Data records
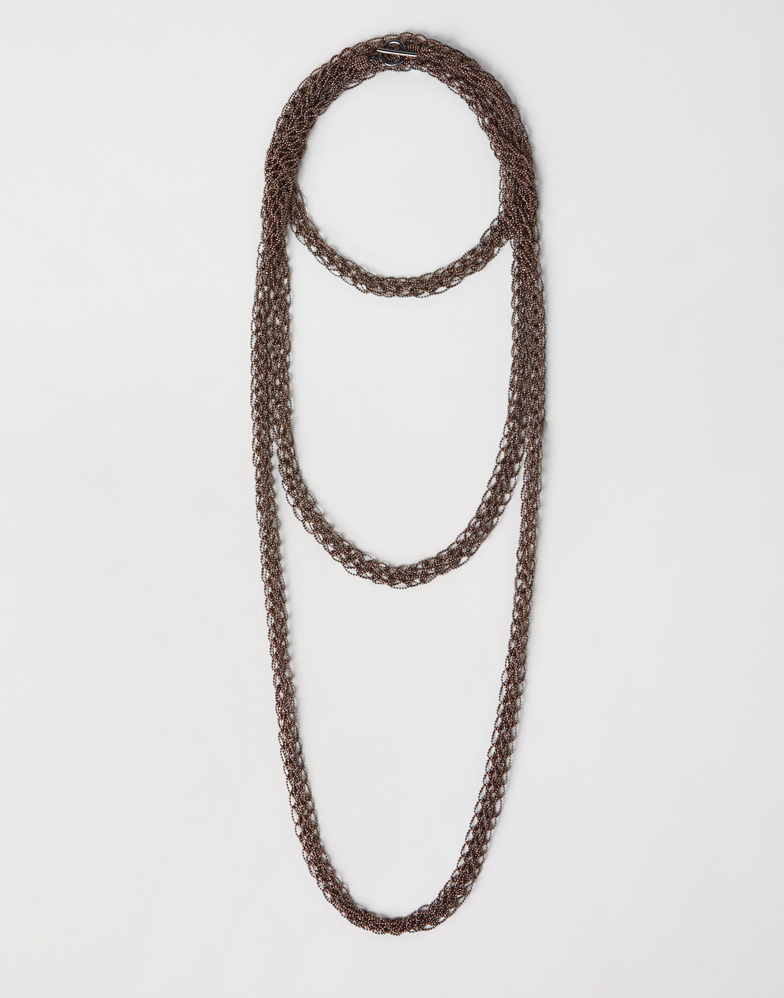 Il monile, elemento iconico delle collezioni Brunello Cucinelli, è composto da sottili file di perline di ottone placcato in diverse tonalità. Il taglio sfaccettato delle perline enfatizza le brillanti tonalità del monile. Tutte le parti in metallo sono rivestite con materiali preziosi che sostituiscono totalmente il Nickel, e arricchiscono il valore di ogni singolo dettaglio.
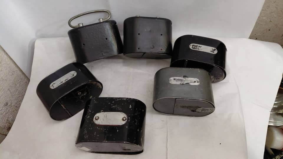 تعداد 6 عدد قلک تبلیغاتی بانک ملی دوره پهلوی فاقد قفل و کلید.فروش بصورت یکجا
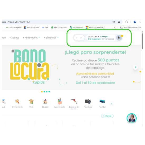 En la parte superior derecha encontraras la cantidad de puntos que tienes disponibles para usar.
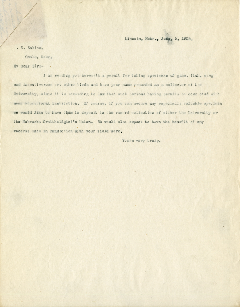 Lincoln, Nebr., June 5, 1905. R. Sabine, Omaha, Nebr. My Dear Sir:- I am sending you herewith a permit for taking specimens of game, fish, song and insectivorous or other birds and have your name recorded as a collector of the University, since it is according to law that such persons having permits be connected with some educational institution. Of course, if you can secure any especially valuable specimen we would like to have them to deposit in the record collection of either the University or the Nebraska Ornithologist's Union. We would also expect to have the benefit of any records made in connection with your field work. Yours very truly,
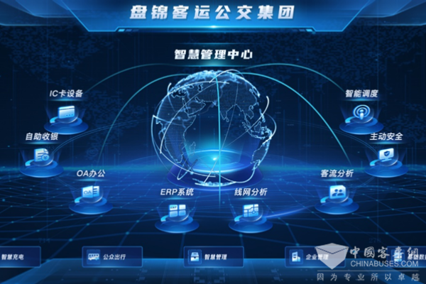 在本次《盘锦市绿色智慧公交示范项目》信息化建设中,天迈科技深度践行 “管理 + 技术 + 服务” 三轮驱动理念,同盘锦公交携手构建了“一个中心、三大平台、十二个系统”的智慧公交信息化体系架构。“一个中心”指智慧管理中心、“三大平台”为行业监管平台、企业运营管理平台、公众信息出行服务平台,“十二个系统”指公交智能调度系统、客流及线网优化系统、车辆化安全管理系统、企业资源管理ERP系统、公交大数据与决策分析系统、同城配送系统、充电运营管理平台、城市一卡通管理系统、出行服务系统、公交行业运行监测系统、服务质量考核与发展水平评价系统等。通过打造一体化、多层级、智能化的盘锦公交信息化体系,实现了企业经济效益、社会效益与生态效益的有机统一,尤其是通过科技创新,赋能“公交+物流”、“公交+民生” 的创新模式,为全球中小城市提供了可借鉴的绿色交通发展方案。
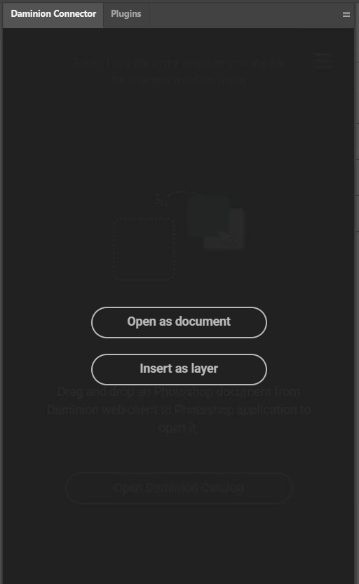 If one file is already opened in Photoshop and another file is dropped onto the Daminion Connector panel, you will be prompted to open it as a new document or insert it as a layer of the opened file.
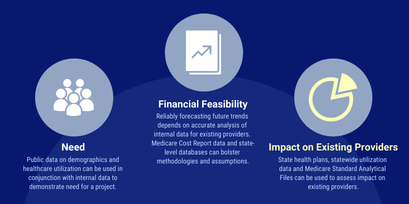 Certificate of Need (CON) requirements vary by state, but many require applications to address three main topics: need, financial feasibility, and impact on existing providers. This is the third and final part of this three-topic series. This blog post discusses data sources to address the impact on existing providers of a CON-reviewable project.
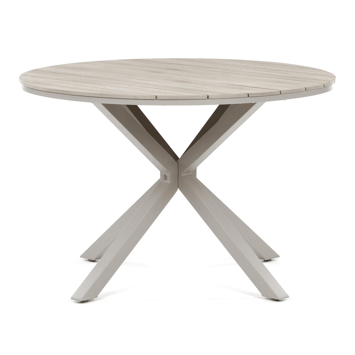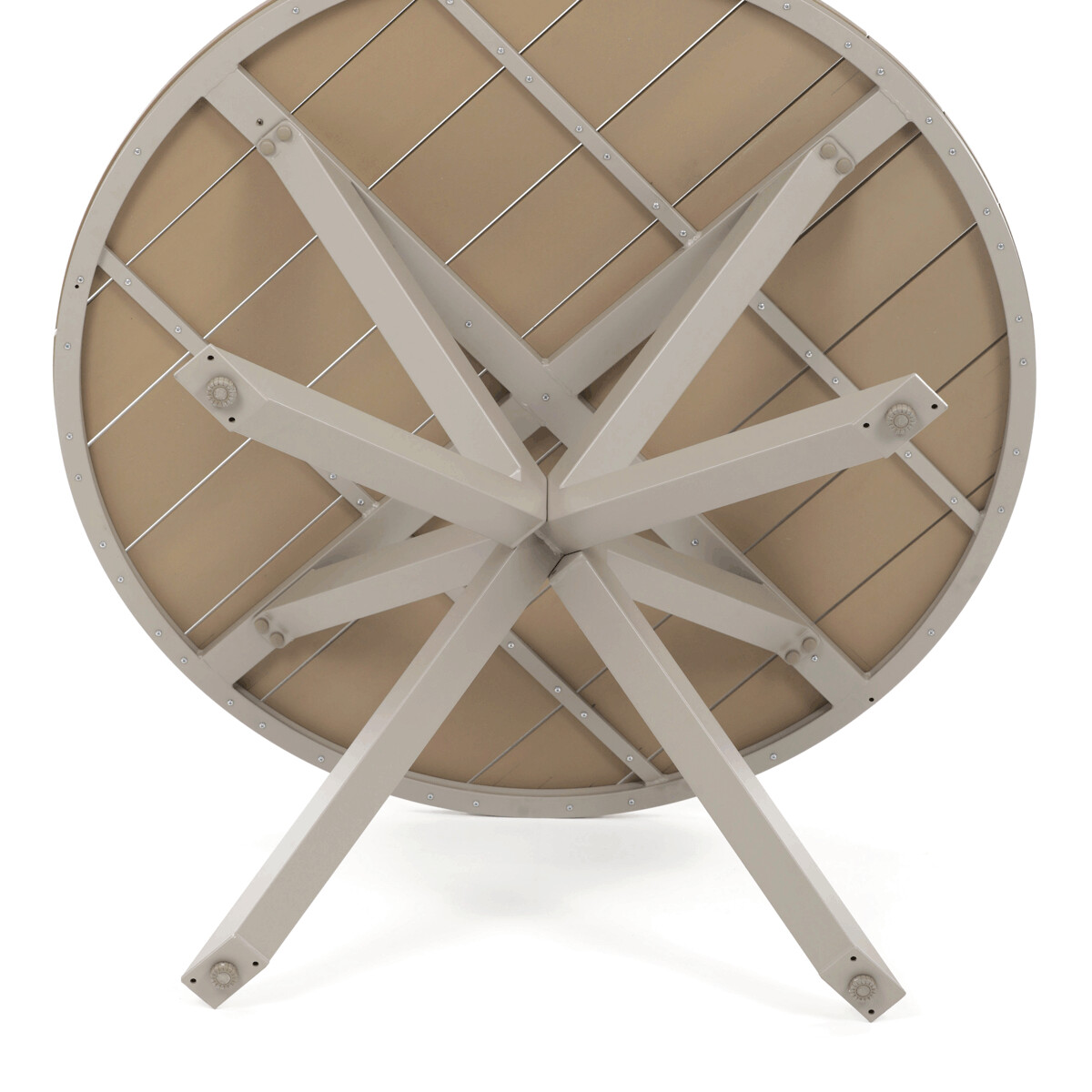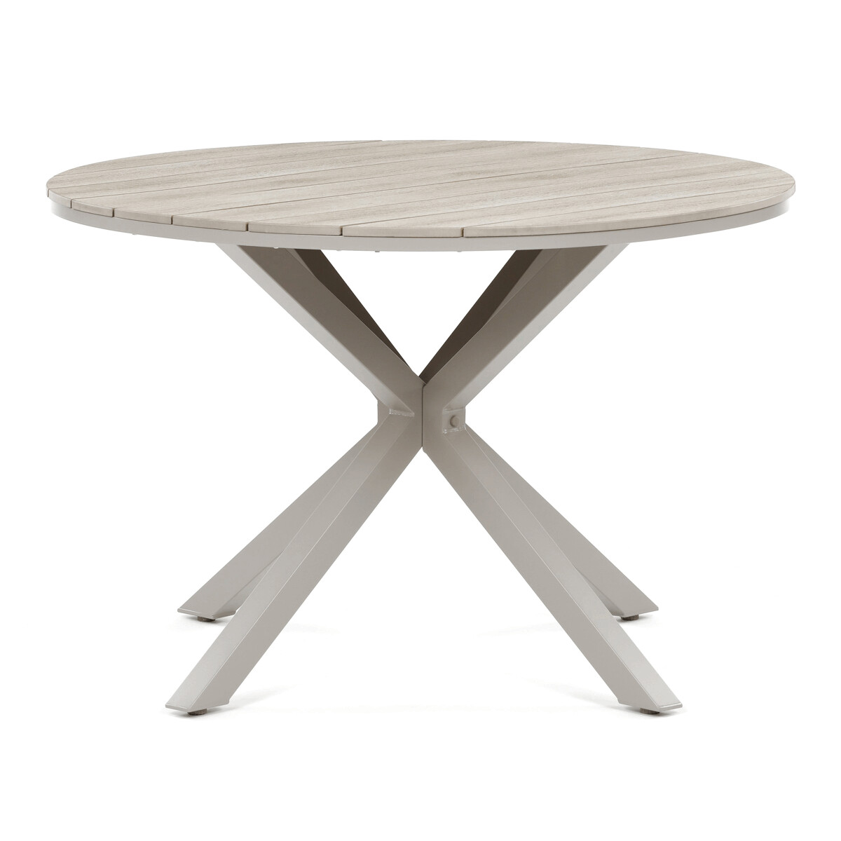 Záhradný stôl s rozmermi 110x75 cm kombinuje pevnú hliníkovú podnož s doskou z polywoodu v dekore divoký dub, ktorá ponúka odolnosť voči poveternostným vplyvom a jednoduchú údržbu. Béžové prevedenie dosky dopĺňa moderný a nadčasový dizajn, ktorý sa hodí do rôznych vonkajších priestorov, od terás po záhrady. Stabilná štvornohá konštrukcia zabezpečuje bezpečné a pevné postavenie stola aj na nerovnom povrchu. Polywoodová doska verne napodobňuje štruktúru dreva, pričom je odolná voči vlhkosti a UV žiareniu, čo predlžuje jej životnosť. Stôl je vhodný na každodenné použitie pri vonkajších stretnutiach a vďaka svojmu dizajnu vytvára príjemné prostredie na relaxáciu aj stolovanie.
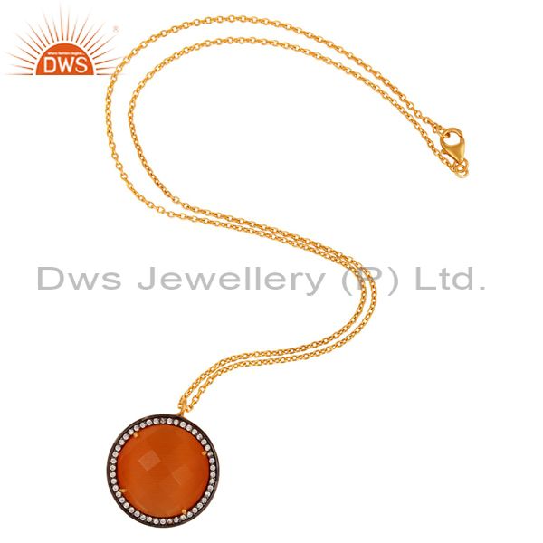 Handmade Peach Moonstone 18K Yellow Gold Plated 925 Sterling Silver Pendant
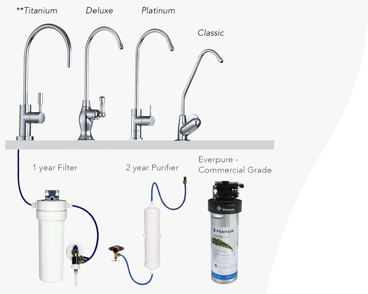 Our town water filters are three-stage filtration systems. These systems are designed to provide comprehensive water purification by passing water through three distinct filters, each targeting different contaminants to ensure clean, safe, and great-tasting water.
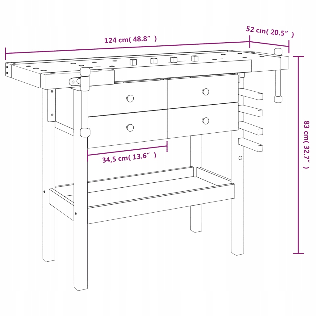Stolik roboczy z szufladami i imadłami, 124x52x83 cm, akacjowy
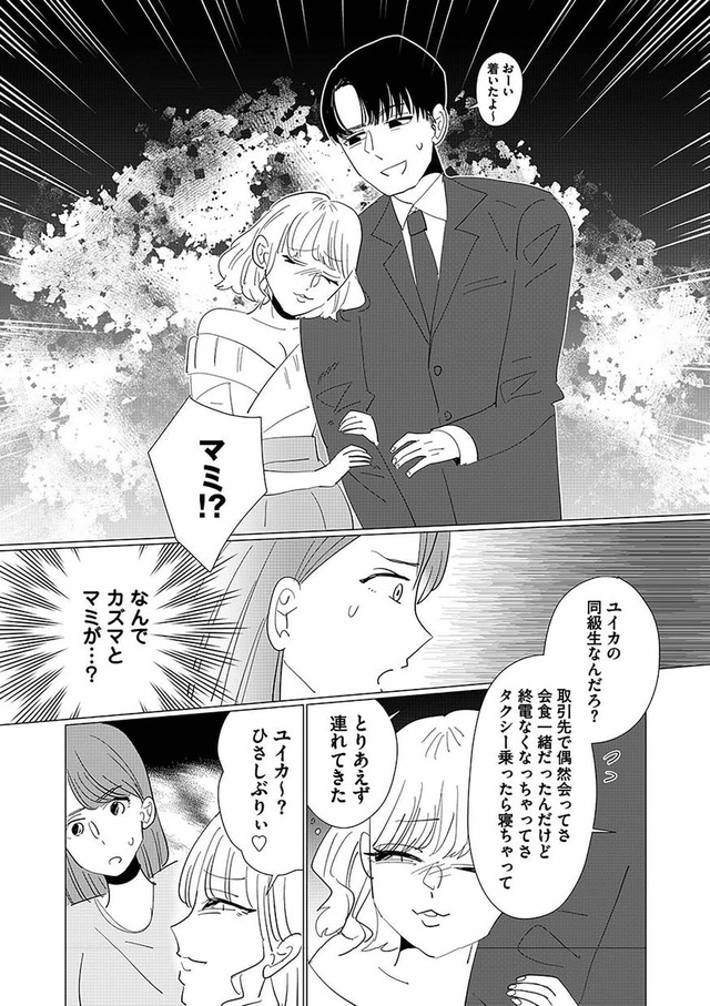 同窓会で再会した華やかな幼なじみ・マミは、夫に近づき、やがて関係を持つ。
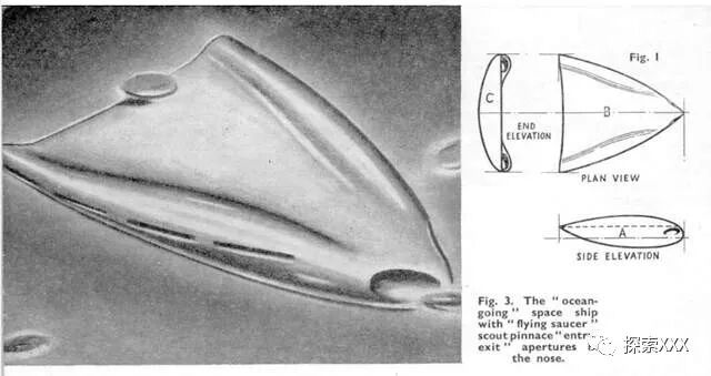 在图1中,我们可以看到一个特殊形状的物体的三视图。A代表母船俯视图,B是它的前视图,而C的电话听筒形态是它的侧视图。根据三个视图,我们可以还原这个物体的实际形态。霍华德说它看起来就像一艘远洋客轮那么大。如果它需要在地球上以海洋为主要活动区域,那么这种形状的确非常适合海洋环境。

§ **Work to be completed**
Within the entries above, the lines from the one with "Handmade Peach Moonstone" through the final line are to be printed exactly, with the pictures removed.

§ **Result below**
 Handmade Peach Moonstone 18K Yellow Gold Plated 925 Sterling Silver Pendant
 Our town water filters are three-stage filtration systems. These systems are designed to provide comprehensive water purification by passing water through three distinct filters, each targeting different contaminants to ensure clean, safe, and great-tasting water.
Stolik roboczy z szufladami i imadłami, 124x52x83 cm, akacjowy
 同窓会で再会した華やかな幼なじみ・マミは、夫に近づき、やがて関係を持つ。
 在图1中,我们可以看到一个特殊形状的物体的三视图。A代表母船俯视图,B是它的前视图,而C的电话听筒形态是它的侧视图。根据三个视图,我们可以还原这个物体的实际形态。霍华德说它看起来就像一艘远洋客轮那么大。如果它需要在地球上以海洋为主要活动区域,那么这种形状的确非常适合海洋环境。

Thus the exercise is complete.